Я игнорирую его второй вопрос. Ашон быстро моргает. Слёзы. Он снова моргает от слёз. Похоже, это тема всего вечера.
— Есть одна вещь, о которой я бы попросила, — быстро добавляю я, стремясь закончить и оставить его зализывать раны.
Я тщательно подбираю слова.
— Водиться с бандитами или даже нанимать их — скользкий путь. Мне нужно, чтобы ты пообещал мне, что немедленно сойдёшь с этого скользкого пути, и что ты больше никогда никого не будешь избивать.
Я смотрю на Ашона в поисках ожидаемого обещания, но он смотрит через мое плечо, и на его лице отражается ужас.
— Что ты сейчас сказала? — вкрадчивый, опасный голос раздаётся позади меня.

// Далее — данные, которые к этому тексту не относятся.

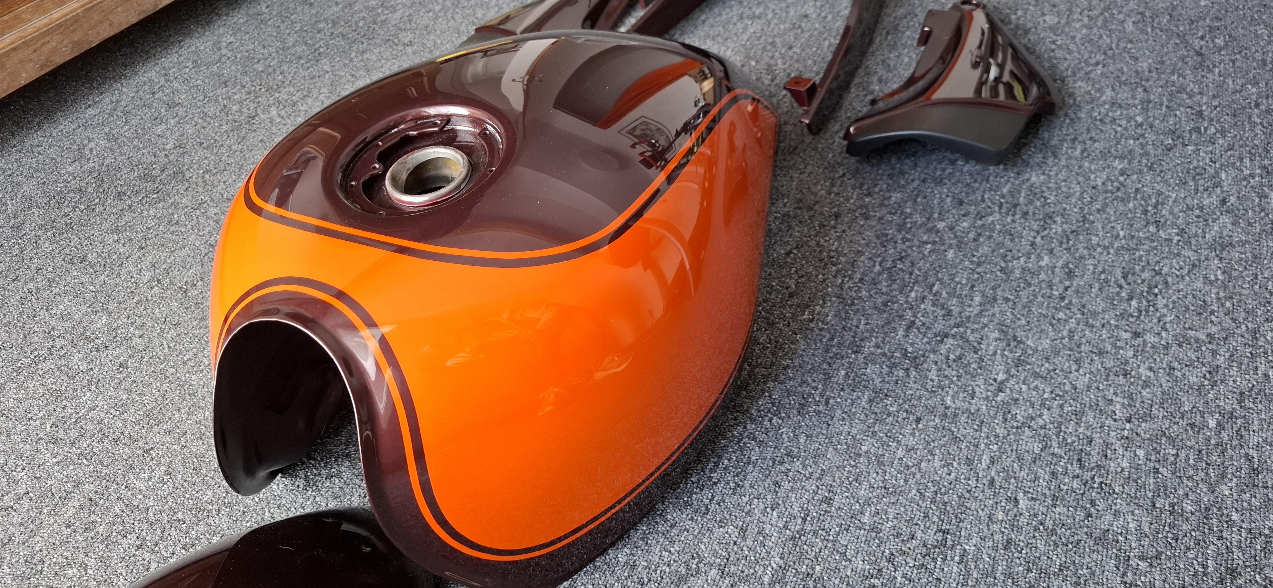Il a trouvé une peinture chez Triumph pour le orange : Triumph EE – Tangerine

Я бросаю взгляд на Ашона. Как много Джован подслушал? Я открываю рот, чтобы заговорить, но Ашон опережает меня.
— Я нанял бандитов, чтобы они избили Татуму, когда мы были в Третьем Секторе, — признаётся он.
Я поворачиваюсь, чтобы оценить, насколько серьёзными будут последствия. Всё плохо. Джован дрожит от подавляемой ярости. На его челюсти синяк от моего удара. Я встаю перед его братом.
Ашон продолжает рассказ через мою голову.
— Затем я нанял других бандитов, чтобы заставить замолчать первых бандитов. Но я не знал, что им вырежут языки, — говорит он.
Я смотрю на него и вижу искреннее раскаяние в его глазах. Как, по его мнению, бандиты заставят их замолчать? Мой взгляд мечется между двумя мужчинами. Один свирепый, другой в отчаянии. Всё быстро летит под откос.
Я делаю шаг к Джовану с поднятыми руками, на время отбросив затаённую на него злость.
— Ашон совершил ошибку, — начинаю я.
— Ошибку? — шипит он. — Он сломал тебе рёбра, непрерывно пинал в спину. Нанёс тебе столько ударов по лицу, что удивительно, как ты не умерла.
— Это сделал не он, — слабо говорю я.
— С таким же успехом он мог бы это сделать. Я поклялся привлечь свинью, которая это сделала, к ответственности! — кричит он, теряя контроль над собой.
Зал затихает. Я смотрю, как он пытается вернуть самообладание. Я никогда не видела его в такой ярости. Он делает подобие бесстрастного лица и смотрит вокруг себя, пока суета не возобновляется.
— Ашон твой брат. Единственный, который остался, — тихо говорю я.